▶ [WORK TO BE COMPLETED]:
Among the entries below, only the lines from the one with "22 November 2025;" through the one with "初めての複数人登山でしたが、" are wanted, reproduced exactly. Pictures are not wanted.

▶ [AVAILABLE RECORDS]:
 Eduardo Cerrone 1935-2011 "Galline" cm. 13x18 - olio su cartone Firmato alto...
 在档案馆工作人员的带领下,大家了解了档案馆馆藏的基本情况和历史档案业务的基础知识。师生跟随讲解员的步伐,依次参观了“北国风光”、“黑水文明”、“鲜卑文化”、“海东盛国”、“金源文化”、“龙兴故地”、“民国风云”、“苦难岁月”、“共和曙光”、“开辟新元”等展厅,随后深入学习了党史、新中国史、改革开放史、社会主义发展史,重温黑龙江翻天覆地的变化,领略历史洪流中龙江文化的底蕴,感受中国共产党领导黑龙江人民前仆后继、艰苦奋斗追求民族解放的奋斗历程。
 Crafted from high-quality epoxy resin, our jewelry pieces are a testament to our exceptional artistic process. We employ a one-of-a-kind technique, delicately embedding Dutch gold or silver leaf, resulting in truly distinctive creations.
...
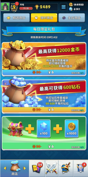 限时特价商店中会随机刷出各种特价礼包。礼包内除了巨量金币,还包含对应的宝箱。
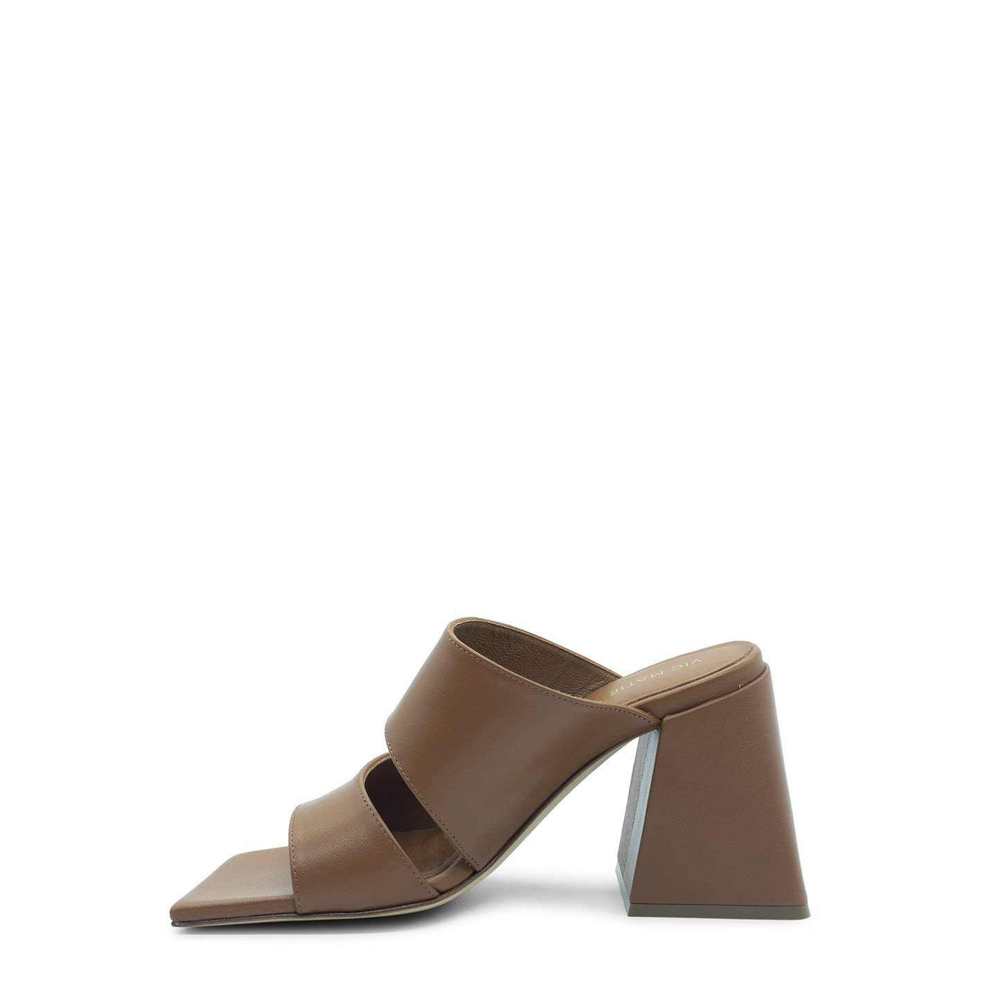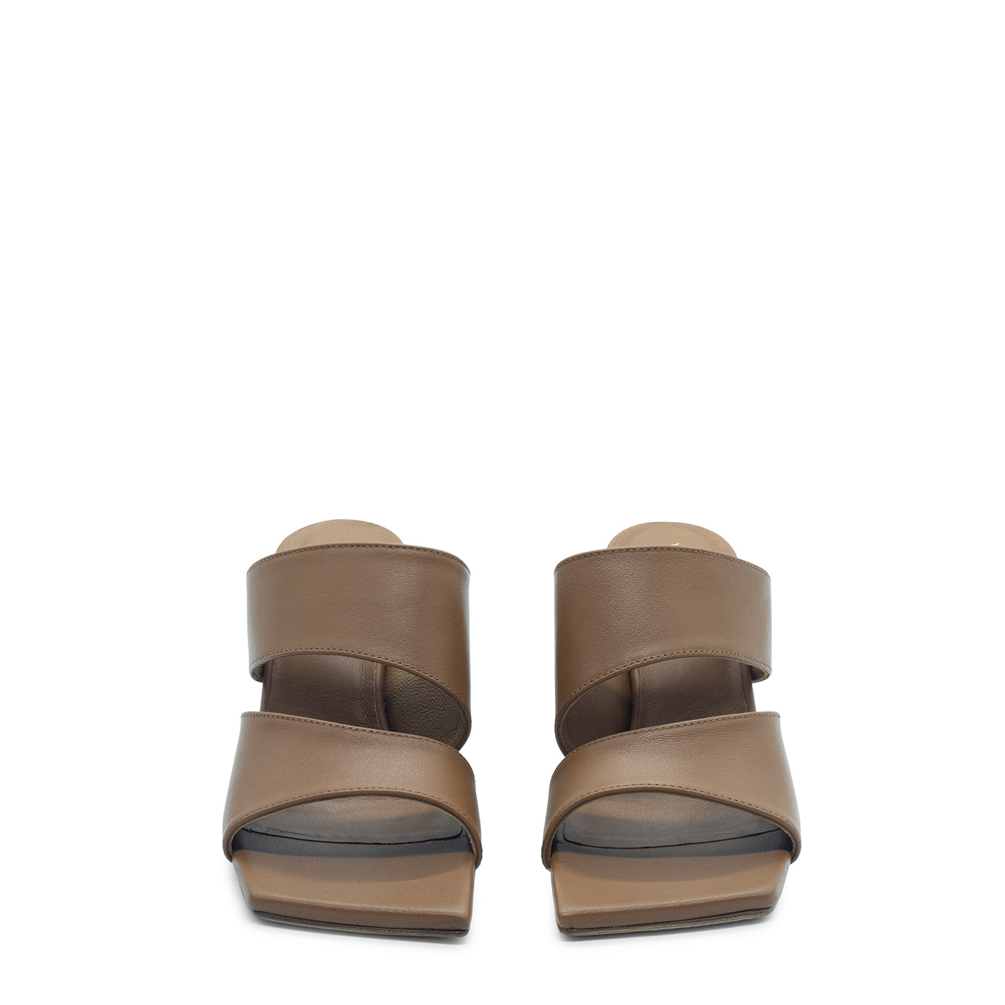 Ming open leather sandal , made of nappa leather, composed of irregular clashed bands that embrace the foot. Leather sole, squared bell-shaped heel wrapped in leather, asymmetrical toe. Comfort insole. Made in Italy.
==
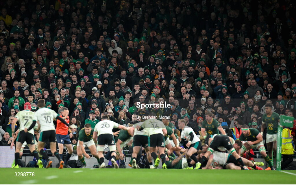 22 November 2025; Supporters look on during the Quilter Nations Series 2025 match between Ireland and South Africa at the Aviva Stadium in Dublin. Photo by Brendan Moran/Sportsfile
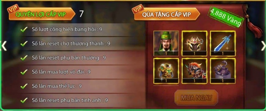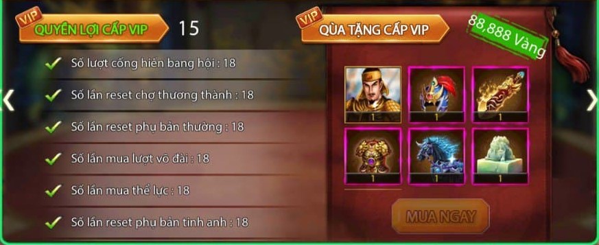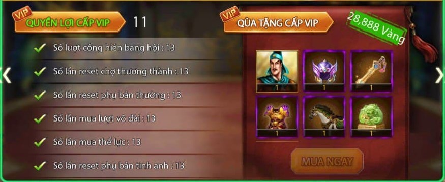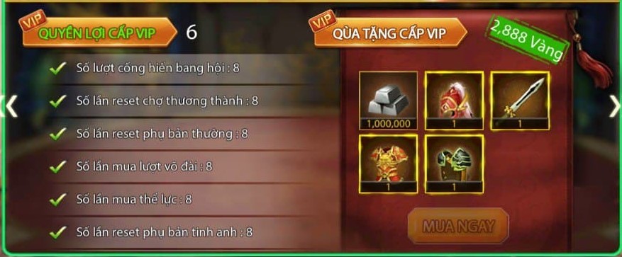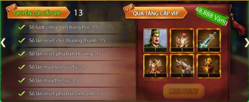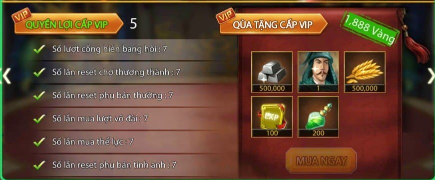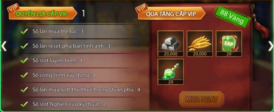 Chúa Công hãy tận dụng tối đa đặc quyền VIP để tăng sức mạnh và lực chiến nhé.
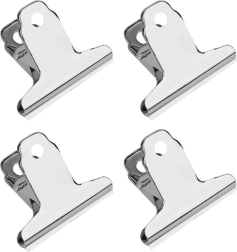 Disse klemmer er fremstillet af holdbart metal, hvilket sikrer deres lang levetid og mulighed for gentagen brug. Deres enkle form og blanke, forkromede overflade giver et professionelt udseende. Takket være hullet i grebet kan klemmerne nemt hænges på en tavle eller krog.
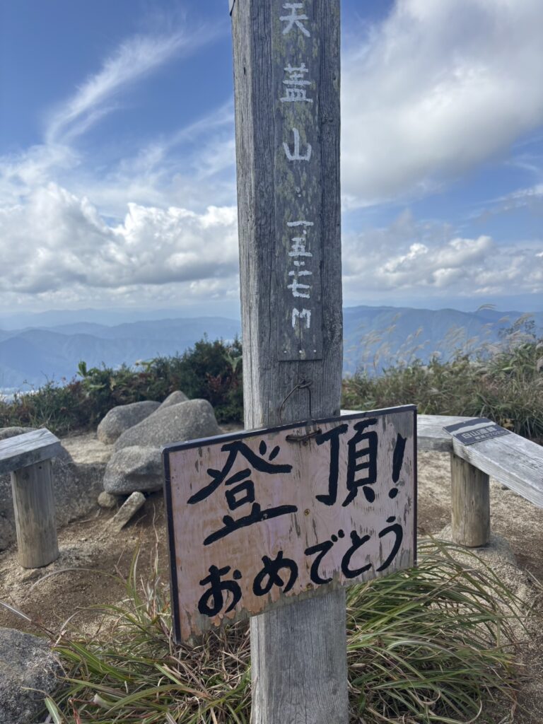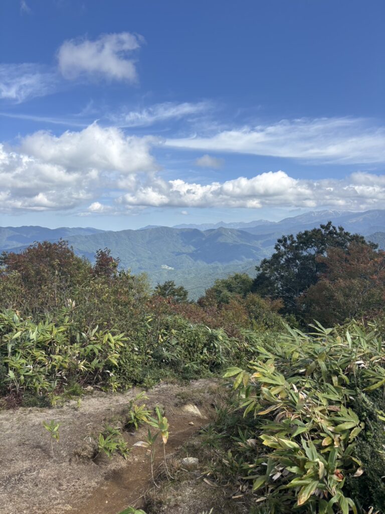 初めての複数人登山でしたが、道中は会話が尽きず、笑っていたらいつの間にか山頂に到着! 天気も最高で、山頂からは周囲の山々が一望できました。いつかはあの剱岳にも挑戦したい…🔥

▶ [ANSWER TO THIS TASK]:
 22 November 2025; Supporters look on during the Quilter Nations Series 2025 match between Ireland and South Africa at the Aviva Stadium in Dublin. Photo by Brendan Moran/Sportsfile
 Chúa Công hãy tận dụng tối đa đặc quyền VIP để tăng sức mạnh và lực chiến nhé.
 Disse klemmer er fremstillet af holdbart metal, hvilket sikrer deres lang levetid og mulighed for gentagen brug. Deres enkle form og blanke, forkromede overflade giver et professionelt udseende. Takket være hullet i grebet kan klemmerne nemt hænges på en tavle eller krog.
 初めての複数人登山でしたが、道中は会話が尽きず、笑っていたらいつの間にか山頂に到着! 天気も最高で、山頂からは周囲の山々が一望できました。いつかはあの剱岳にも挑戦したい…🔥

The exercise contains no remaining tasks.